Reputation: 343
I have an input file that does not have a consistent structure for the fields. What I'm trying to do is find the correct two fields and print their content on the same line.
EDIT: Here is a potential example for the input file:
abc=012 aaa=000 cba=210 bbb=111
aaa=555 abc=567 cba=765 bbb=666
aaa=444 abc=456 bbb=555 cba=654
This program almost works
awk '{for(i=1;i<=NF;i++){if ($i ~ /aaa/) {print $i}}}' file
awk '{for(i=1;i<=NF;i++){if ($i ~ /bbb/) {print $i}}}' file
However, this prints everything on a new field, and it does not display the data correctly either:
aaa=000
aaa=555
aaa=444
bbb=111
bbb=666
bbb=555
What I need is for the field aaa to follow the field bbb on the same line, like this:
aaa=000 bbb=111
aaa=555 bbb=666
aaa=444 bbb=555
How can this be done?
Upvotes: 3
Views: 3086
Reputation: 92904
awk solution:
awk '{ for(i=1;i<=NF;i++) if($i~/^(aaa|bbb)=/){ printf "%s%s",(!c++? "":FS),$i };
print ""; c=0 }' file
Or with short GNU awk (assuming that aaa
is always goes first):
awk 'match($0,/(aaa=[0-9]+).* (bbb=[0-9]+)/,a){ print a[1],a[2] }' file
The output for both approaches:
aaa=000 bbb=111
aaa=555 bbb=666
aaa=444 bbb=555
Upvotes: 1
Reputation: 3089
using GNU awk with multi char record separator
This will work even if bbb
comes before aaa
in the string
$ awk -v RS="[ \n]" '/aaa|bbb/{ printf $1 (i++%2==0? " " : ORS) }' file
Output:
aaa=000 bbb=111
aaa=555 bbb=666
aaa=444 bbb=555
-v RS="[ \n]"
: Set space and
\n
as the record separator
/aaa|bbb/{ printf $1 (i++%2==0? " " : ORS) }
: If field contains aaa
or bbb
then print it.
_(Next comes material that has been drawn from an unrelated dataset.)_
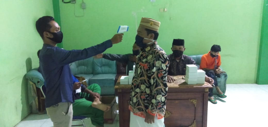 Cek Suhu Badan warga yang Mengikuti Rapat di Desa Poncoharjo Bonang

If i++%2==0
then print append else append
\n
Upvotes: 1
Reputation: 16997
Here is awk
, using match()
and substr()
function, modify search="..."
variable according to your need, the order you input the same way it will give you result.
awk -v search="aaa,bbb" '
BEGIN{
n=split(search, arr, /,/)
}
{
for(i=1; i in arr; i++)
printf("%s%s", (match($0,"(^| )"arr[i]"=[^ ]*") ? substr($0,(RSTART>1?RSTART+1:RSTART),(RSTART>1?RLENGTH-1:RLENGTH)) : ""), i==n ? ORS : OFS)
}' infile
Test Results:
akshay@db-3325:/tmp$ cat infile
abc=012 aaa=000 cba=210 bbb=111
aaa=555 abc=567 cba=765 bbb=666
aaa=444 abc=456 bbb=555 cba=654
akshay@db-3325:/tmp$ awk -v search="aaa,bbb" '
BEGIN{
n=split(search, arr, /,/)
}
{
for(i=1; i in arr; i++)
printf("%s%s", (match($0,"(^| )"arr[i]"=[^ ]*") ? substr($0,(RSTART>1?RSTART+1:RSTART),(RSTART>1?RLENGTH-1:RLENGTH)) : ""), i==n ? ORS : OFS)
}' infile
aaa=000 bbb=111
aaa=555 bbb=666
aaa=444 bbb=555
Explanation
awk -v search="aaa,bbb" ' # call awk set variable search
BEGIN{
# split string in variable search
# into array, separated by comma
# arr[1] will have aaa
# arr[2] will have bbb
# variable n will have 2, which is count of array
n=split(search, arr, /,/)
}
{
# loop through array arr
for(i=1; i in arr; i++)
{
found = 0 # default state
# if there is match
# beginning or space followed by your word
# = anything except space char
# which creates regexp like :
# /(^| )aaa=[^ ]*/
# /(^| )bbb=[^ ]*/
# if matches then
if(match($0,"(^| )"arr[i]"=[^ ]*")){
# if it was not beginning then there will be space char
# lets increment starting position and decrement length
if(RSTART>1){
RSTART++ # we got space so one char +
RLENGTH-- # lenght one char -
}
found =1 # found flag
}
# ternary operator syntax : ( your_condition ) ? true_action : false_action
# if found is true then use substr
# else ""
# if i equal n then print output row separator else output field separaor
printf("%s%s", ( found ? substr($0,RSTART,RLENGTH) : ""), i==n ? ORS : OFS)
}
}' infile
Upvotes: 2